### Records for this task ###
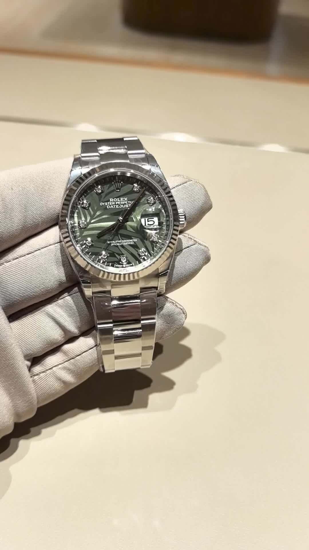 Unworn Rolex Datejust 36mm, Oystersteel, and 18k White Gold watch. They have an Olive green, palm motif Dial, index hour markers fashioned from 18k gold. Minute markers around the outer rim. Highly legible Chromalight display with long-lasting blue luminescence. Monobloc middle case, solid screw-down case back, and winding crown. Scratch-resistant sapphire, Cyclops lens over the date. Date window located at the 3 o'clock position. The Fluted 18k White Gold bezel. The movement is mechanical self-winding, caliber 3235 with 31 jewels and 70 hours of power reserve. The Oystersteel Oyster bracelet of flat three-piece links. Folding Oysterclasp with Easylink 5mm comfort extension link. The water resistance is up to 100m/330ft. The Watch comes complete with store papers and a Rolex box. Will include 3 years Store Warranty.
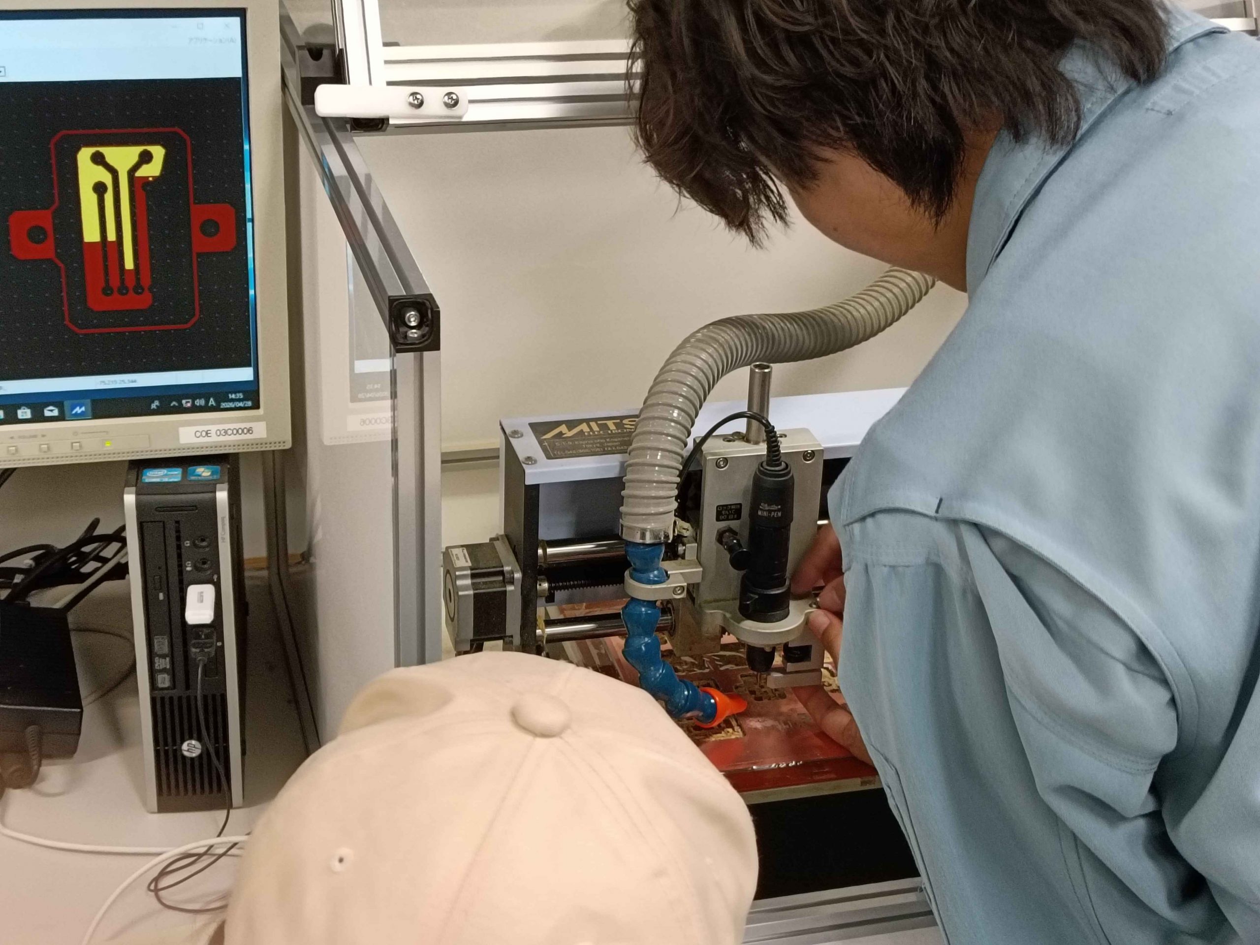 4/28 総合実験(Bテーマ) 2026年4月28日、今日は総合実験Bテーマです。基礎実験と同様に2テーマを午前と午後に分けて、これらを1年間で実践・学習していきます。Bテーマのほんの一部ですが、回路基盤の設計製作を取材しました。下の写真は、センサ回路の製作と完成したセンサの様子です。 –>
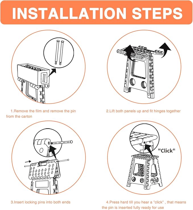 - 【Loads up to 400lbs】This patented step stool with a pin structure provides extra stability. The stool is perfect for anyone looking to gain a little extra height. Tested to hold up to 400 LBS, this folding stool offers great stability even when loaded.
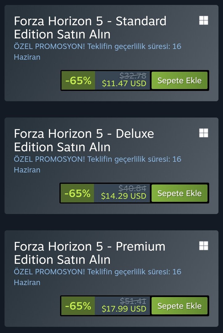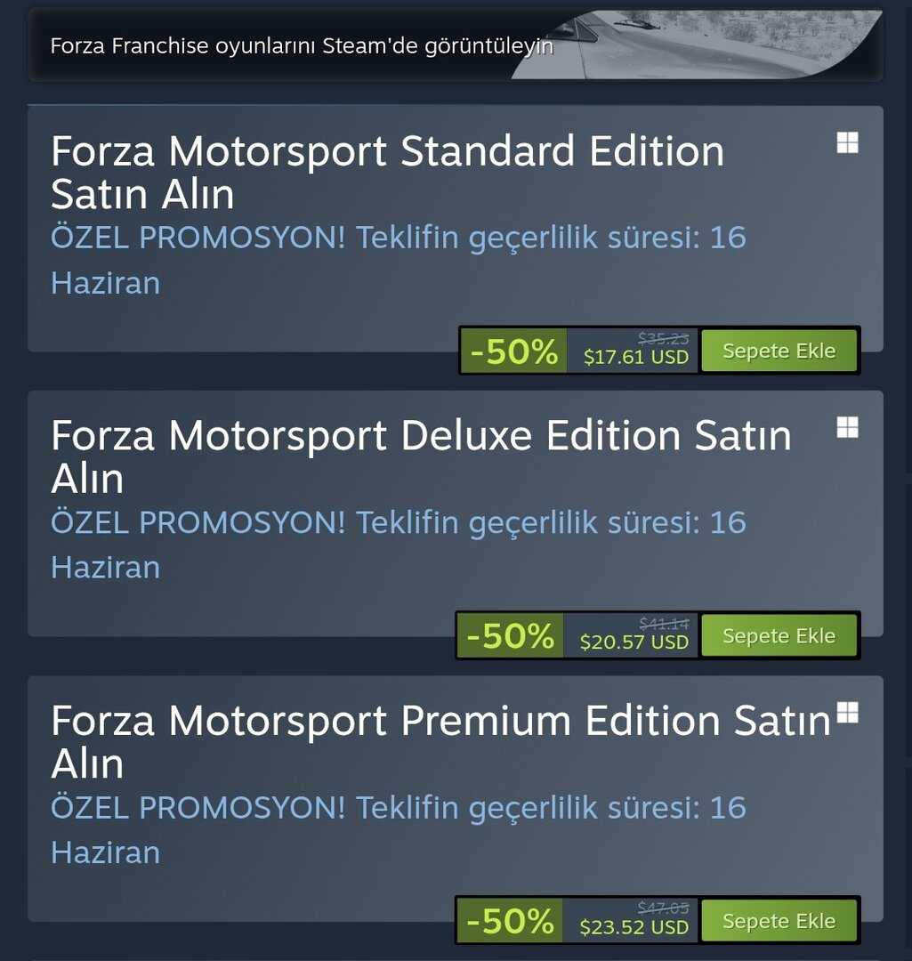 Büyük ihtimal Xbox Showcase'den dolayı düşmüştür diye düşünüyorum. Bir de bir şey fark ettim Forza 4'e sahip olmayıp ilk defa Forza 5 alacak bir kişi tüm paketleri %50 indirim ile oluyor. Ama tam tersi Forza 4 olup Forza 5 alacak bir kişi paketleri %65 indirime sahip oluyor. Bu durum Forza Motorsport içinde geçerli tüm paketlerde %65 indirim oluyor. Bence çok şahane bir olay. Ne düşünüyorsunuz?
###
### Records for this task ###
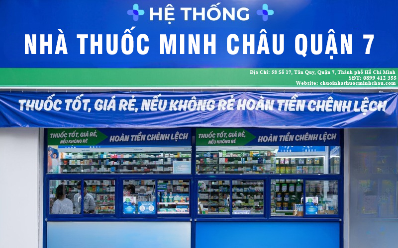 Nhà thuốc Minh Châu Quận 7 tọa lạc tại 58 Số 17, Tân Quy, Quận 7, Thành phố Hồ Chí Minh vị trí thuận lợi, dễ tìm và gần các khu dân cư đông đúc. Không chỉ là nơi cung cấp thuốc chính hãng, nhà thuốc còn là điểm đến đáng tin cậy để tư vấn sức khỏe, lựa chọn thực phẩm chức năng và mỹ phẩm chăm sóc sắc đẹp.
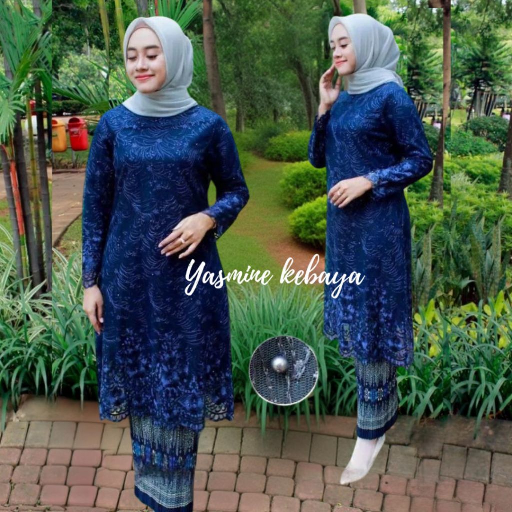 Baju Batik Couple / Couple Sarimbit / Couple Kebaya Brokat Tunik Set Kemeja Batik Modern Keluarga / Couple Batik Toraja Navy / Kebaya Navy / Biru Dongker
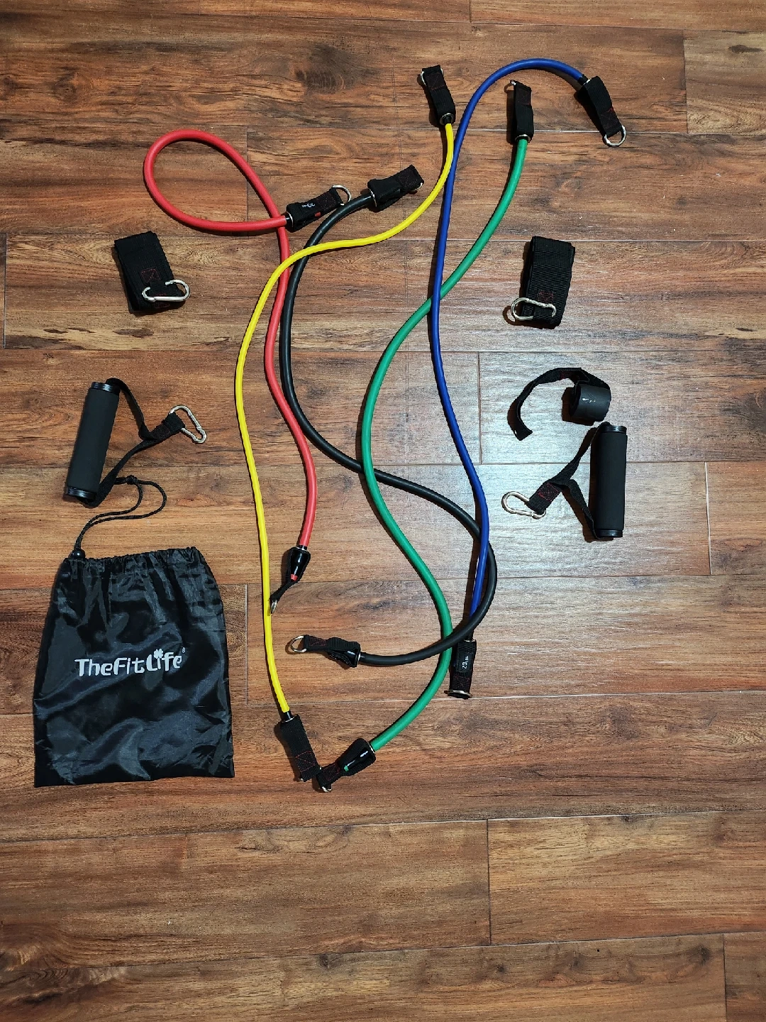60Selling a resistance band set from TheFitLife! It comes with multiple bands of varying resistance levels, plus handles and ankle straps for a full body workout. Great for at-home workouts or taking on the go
###
Aim of the task | All that should be printed is the run of lines above from the one with "Baju Batik Couple" through the one with "60Selling a resistance", both included, exactly as given, with pictures left out.

Final answer |
 Baju Batik Couple / Couple Sarimbit / Couple Kebaya Brokat Tunik Set Kemeja Batik Modern Keluarga / Couple Batik Toraja Navy / Kebaya Navy / Biru Dongker
60Selling a resistance band set from TheFitLife! It comes with multiple bands of varying resistance levels, plus handles and ankle straps for a full body workout. Great for at-home workouts or taking on the go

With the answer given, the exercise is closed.